**What the task asks**
Line for line, return the data exactly, omitting all pictures.

Top of Data extract

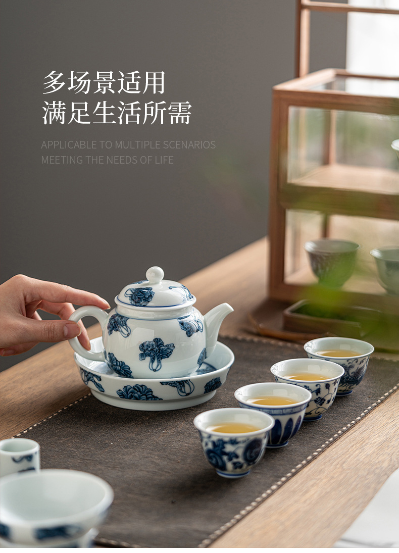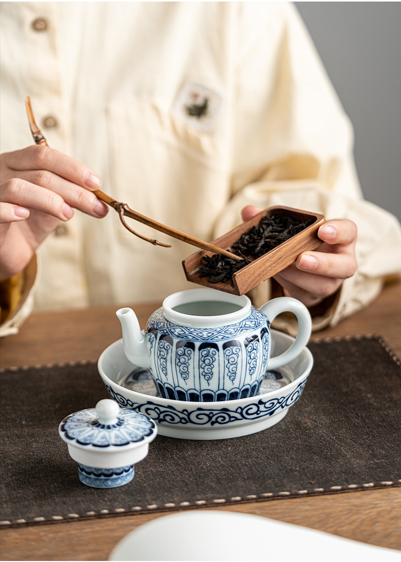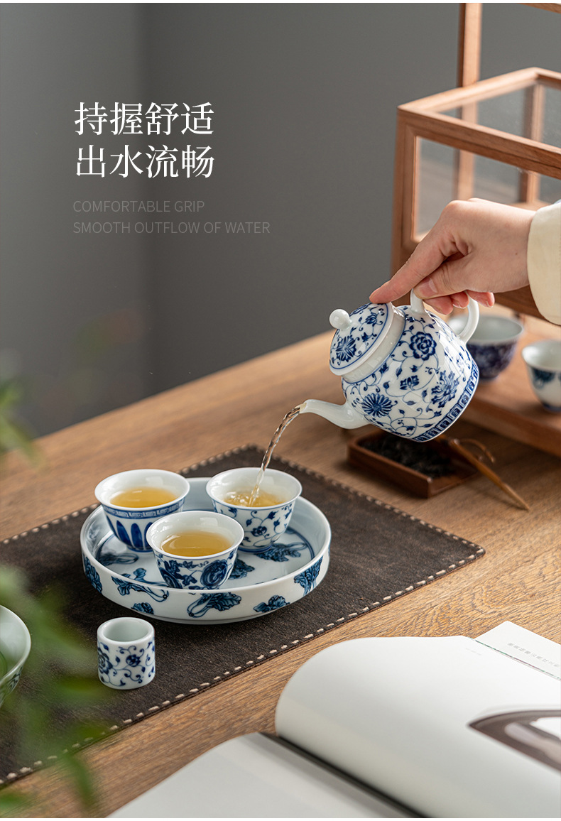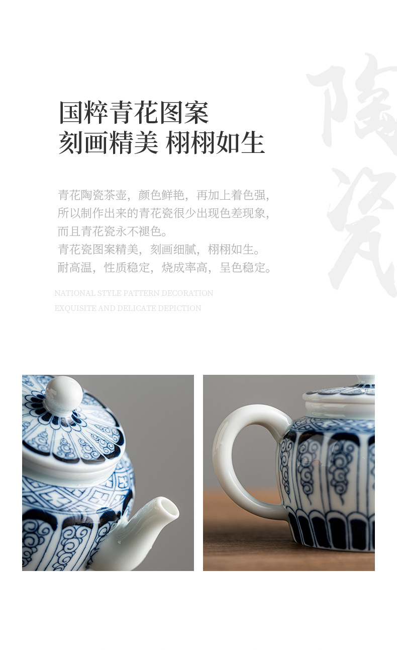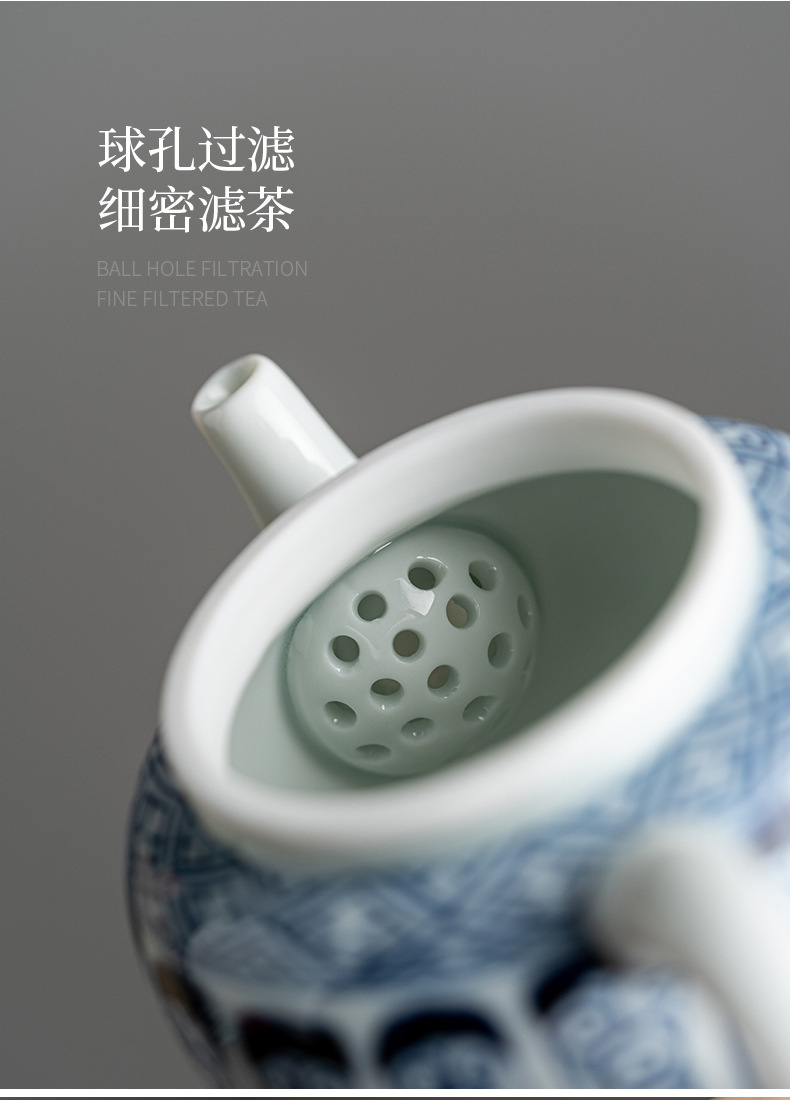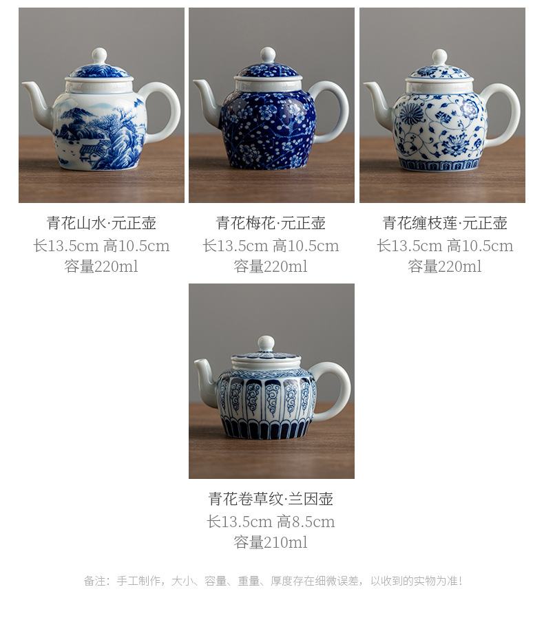 - Ấm trà hoa văn phong cảnh sứ trắng xanh tráng men kiểu Trung Quốc dụng cụ pha trà sứ Kung Fu gia dụng ấm đơn mini tráng men
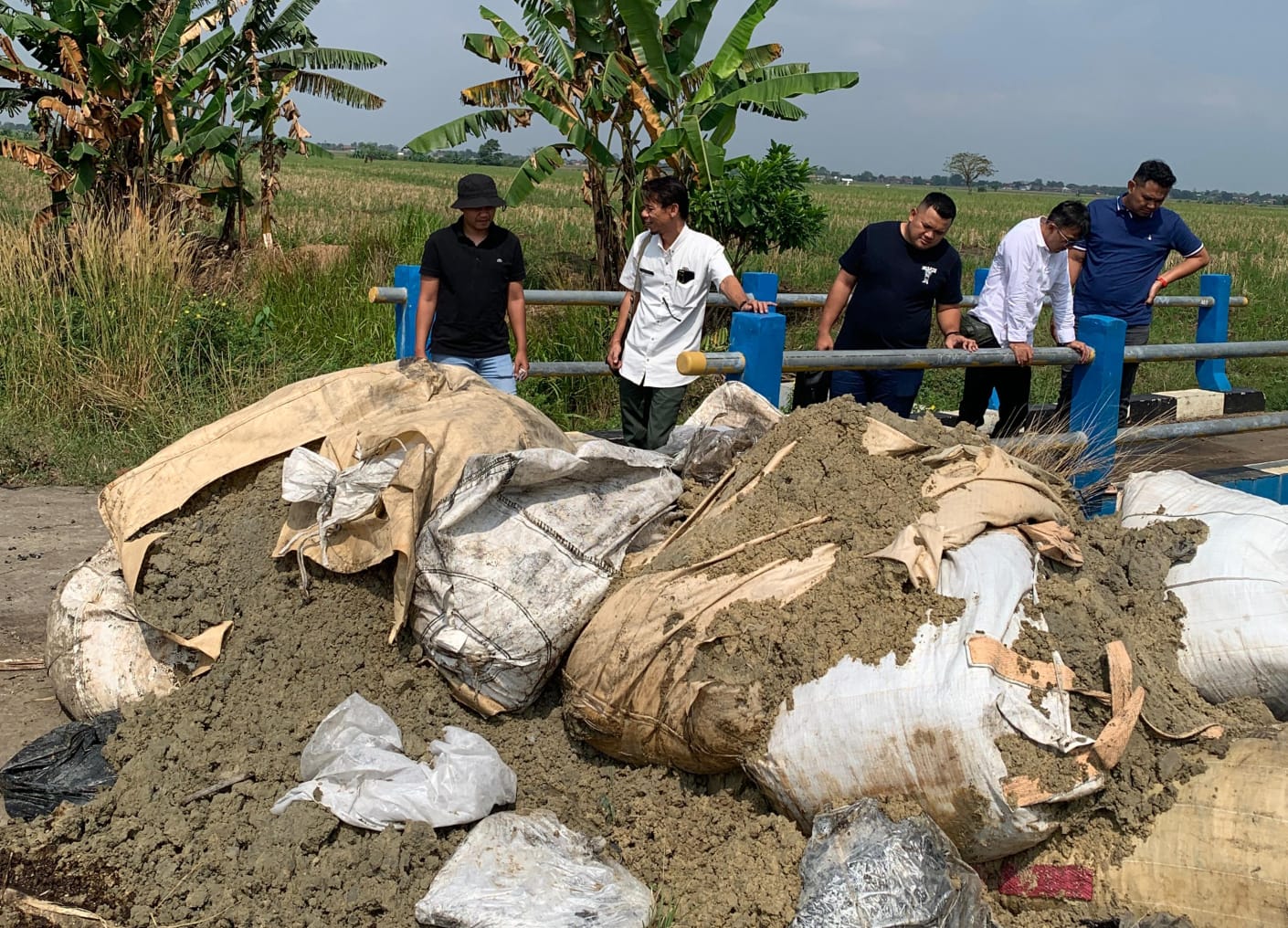 “Sekitar 8–10 jumbo bag limbah sludge menumpuk di lokasi, dua di antaranya berada langsung di saluran irigasi,” ungkap Kepala Bidang Penaatan Peraturan Lingkungan DLH Karawang, Willyanto Salmon.
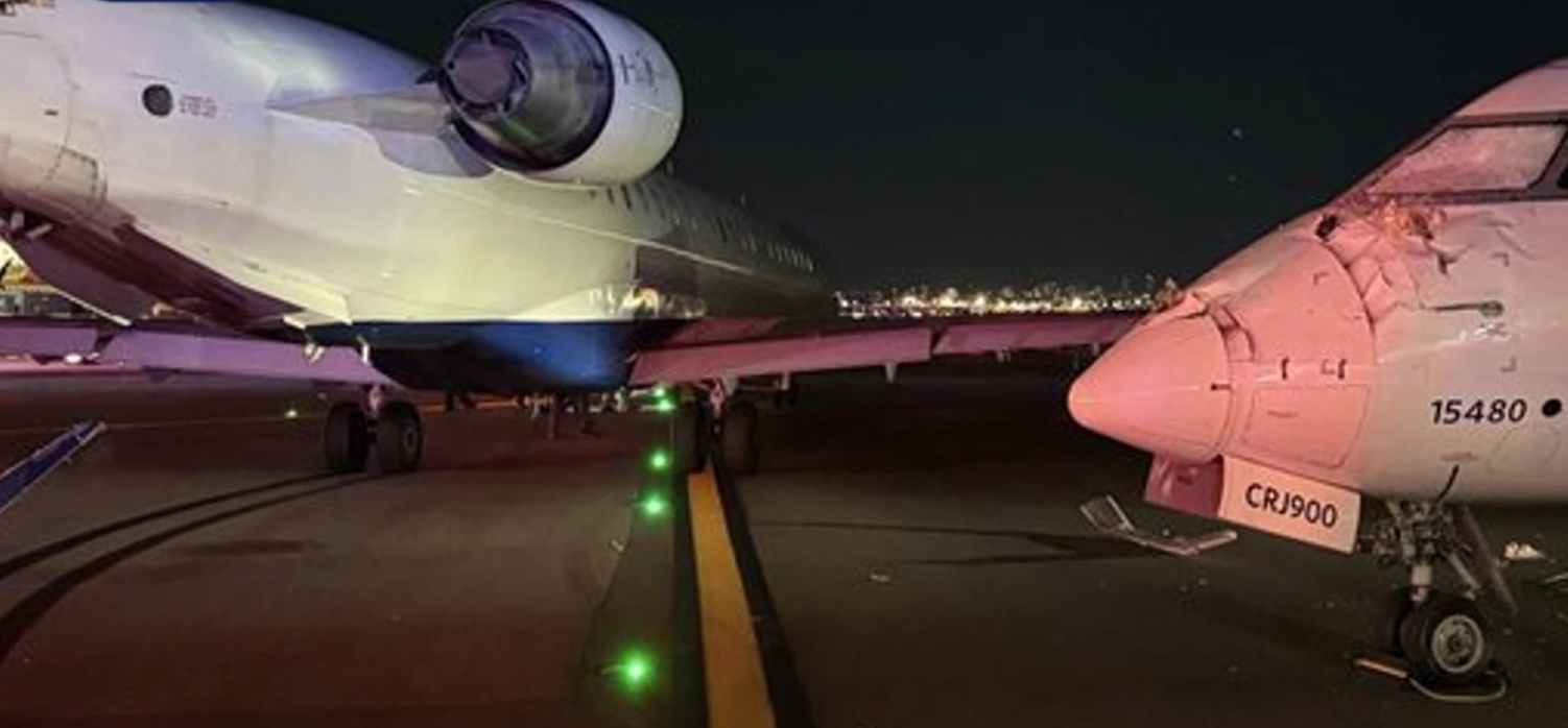 据美国媒体当地时间10月2日报道,两架美国达美航空公司旗下的支线飞机在纽约拉瓜迪亚机场滑行时低速相撞,一架飞机机翼受损,一人受轻伤。
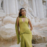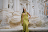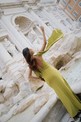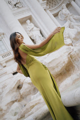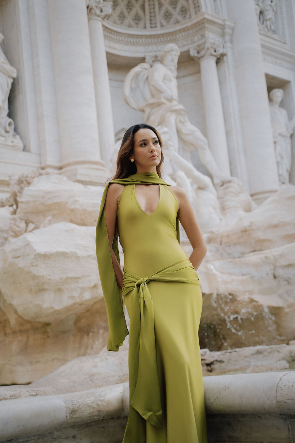Tiene una espalda abierta profunda con un detalle de cadena dorada y nuestro logo característico, que aportan un toque de sofisticación.
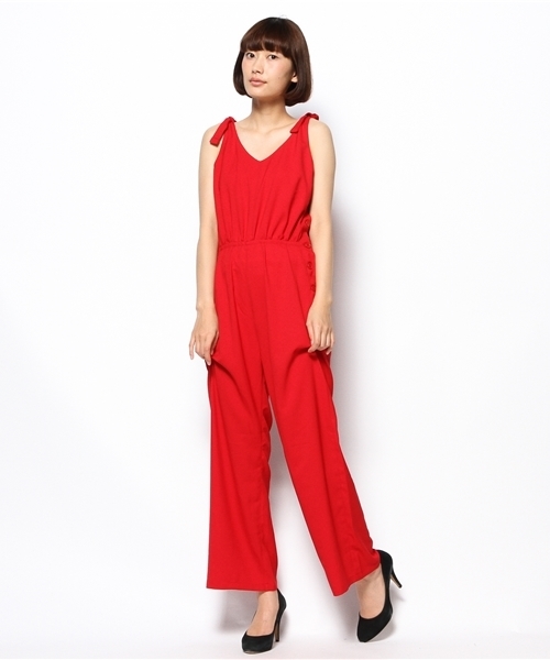 Kastane(カスタネ) リラックスできるゆったりシルエットの大人サロペット。ウエストのゴムで長さを調整できるので、小柄な方でも着て頂けます。肩のリボンはほどけるので、全体の長さも調整できます☆エスパドリーユなどのぺたんこシューズでも、ヒールのあるサンダルでもコーディネートできます♪

Bottom of Data extract

**Response**
 - Ấm trà hoa văn phong cảnh sứ trắng xanh tráng men kiểu Trung Quốc dụng cụ pha trà sứ Kung Fu gia dụng ấm đơn mini tráng men
 “Sekitar 8–10 jumbo bag limbah sludge menumpuk di lokasi, dua di antaranya berada langsung di saluran irigasi,” ungkap Kepala Bidang Penaatan Peraturan Lingkungan DLH Karawang, Willyanto Salmon.
 据美国媒体当地时间10月2日报道,两架美国达美航空公司旗下的支线飞机在纽约拉瓜迪亚机场滑行时低速相撞,一架飞机机翼受损,一人受轻伤。
Tiene una espalda abierta profunda con un detalle de cadena dorada y nuestro logo característico, que aportan un toque de sofisticación.
 Kastane(カスタネ) リラックスできるゆったりシルエットの大人サロペット。ウエストのゴムで長さを調整できるので、小柄な方でも着て頂けます。肩のリボンはほどけるので、全体の長さも調整できます☆エスパドリーユなどのぺたんこシューズでも、ヒールのあるサンダルでもコーディネートできます♪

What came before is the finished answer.